In 1989, David Strachan, an epidemiologist at St. George’s University in London, published a landmark study proposing that improved hygiene in the developed world could explain trends in hay fever incidence. Strachan’s idea was that changes to sewage treatment, availability of clean water and food, and a shift away from farming lifestyles decreased our contact with soil, faeces and contaminated food where bacteria and parasites like helminths live.
The so-called "hygiene hypothesis" quickly took off, but in recent years a growing number of scientists have said the picture is more complex. The rise in allergies and inflammatory diseases may not necessarily be caused by a general lack of microbes in hygienic environments, but rather by a lack of certain organisms that have, over the course of evolution, trained our immune system to be more tolerant.
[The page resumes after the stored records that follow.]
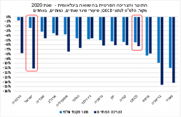 בשנת 2020 התוצר המקומי הגולמי של ישראל התכווץ ב-2.4%, והפתיע לטובה ביחס להערכות המוקדמות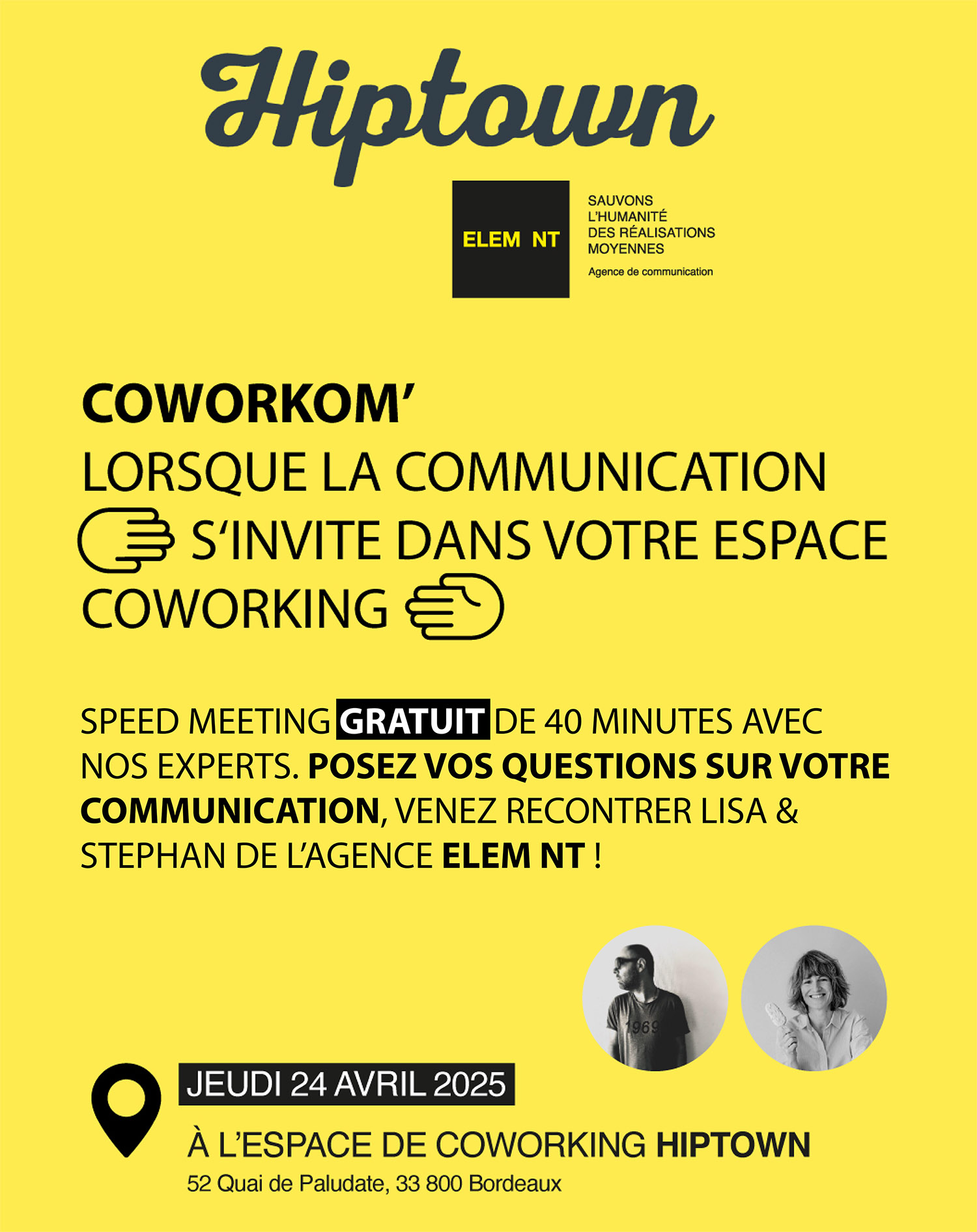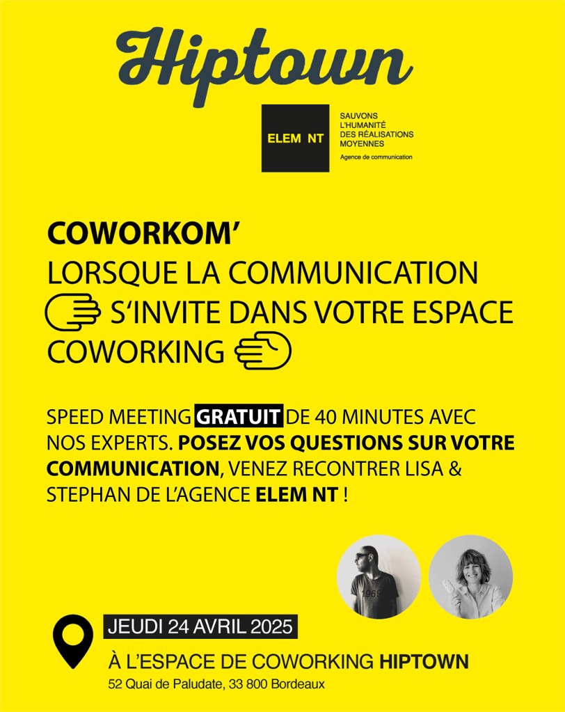 Le 24 avril 2025, L’agence de communication ELEM NT et l’espace coworking HIPTOWN tous deux situés à bordeaux, ont réalisé leur première matinale de SPEED MEETING appelée COWORKOM et qui a permis à 5 entreprises et marques d’être conseillées par l’agence sur leurs stratégies et problématiques de communication.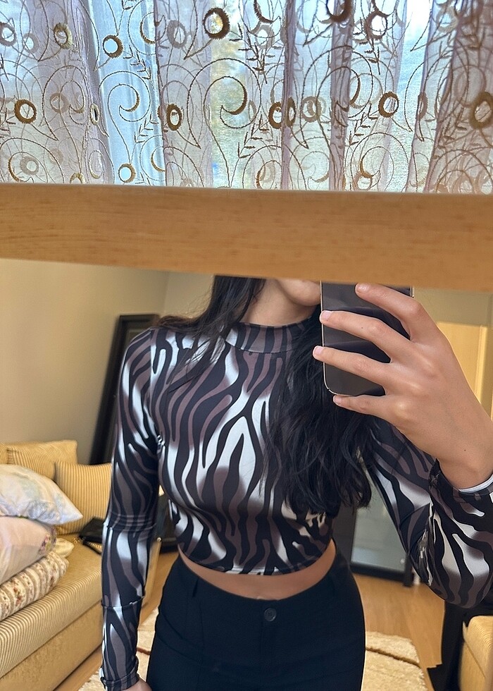 Desenli uzun kol crop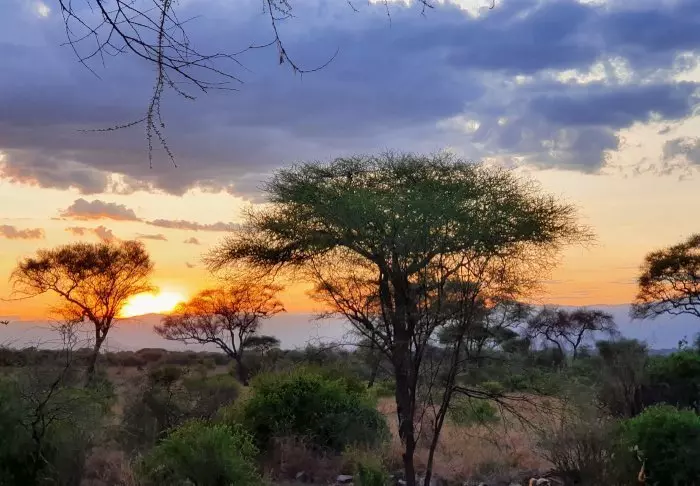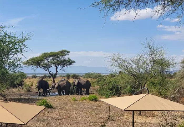 Varme-“låget”, som hele dagen har ligget over Tarangire som en tung dyne, letter langsomt. Skyggerne bliver længere, og selv vinden falder til ro. Poolen har lige kølet dig ned efter dagens safari, og nu kommer tjeneren med en kold øl, mens du lægger dig til rette på solvognen. Du holder øje med bushbukkene, der nærmere sig vandhullet nogle hundrede meter fra poolen. Det er blevet ledig, efter elefanterne har fået deres brusebad.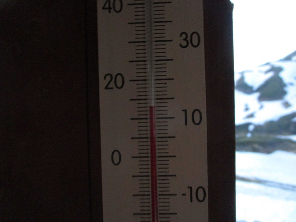 スマホ温度が5℃だったので、テント内4℃、外気温2℃くらいだろう。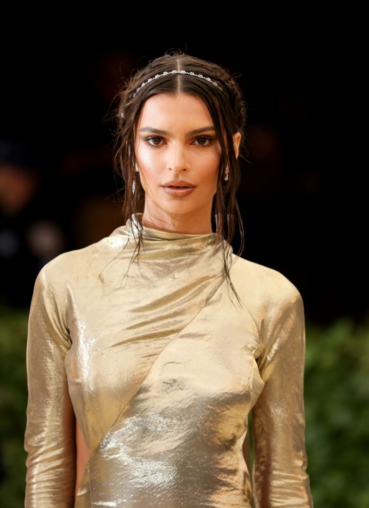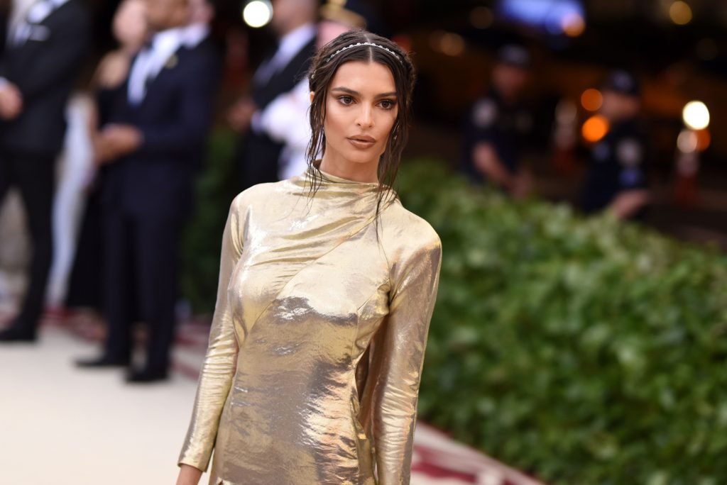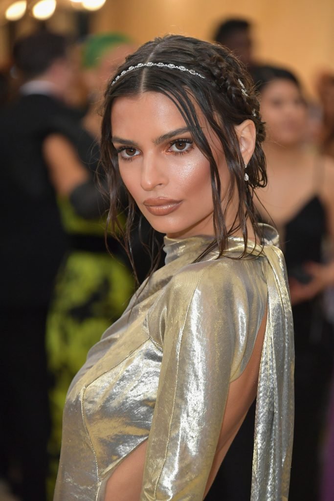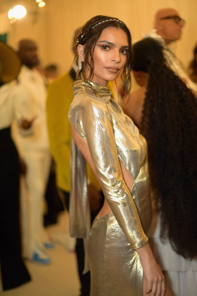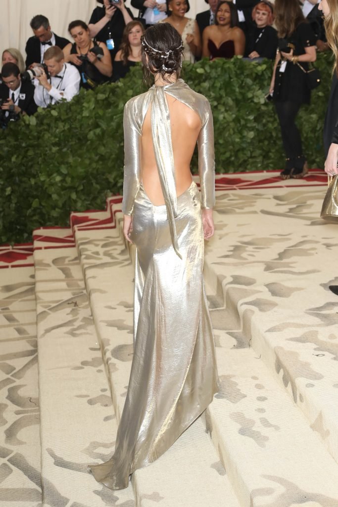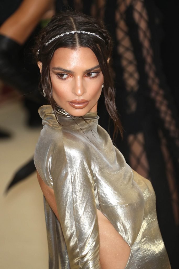 Le mannequin et actrice Emily Ratajkowski (26 ans) exhibe sa silhouette élancée, ses jambes et dévoile sa culotte lors du Gala de l’Institut du Costume 2018 à New York. La superbe brune portait une robe argentée dos nu.

One of those organisms could be the worm-like parasite. Many of our human ancestors would have been infected with helminths, as are large numbers living in developing nations today. When helminths infect individuals and attach themselves in their hosts’ gastrointestinal tracts, the immune system launches an attack, while at the same time issuing a chain of anti-inflammatory orders to ensure the response does not get out of hand. People who survived infection have passed on immune advantages to future generations. In the modern, developed and sterile West, the theory goes, immunoregulatory effects no longer develop normally, leaving some particularly vulnerable to allergies and inflammatory diseases. “It’s not that you’re diseased or abnormal, it’s just that the world has changed,” says David Elliott, hepatologist at the University of Iowa, and Weinstock’s research colleague.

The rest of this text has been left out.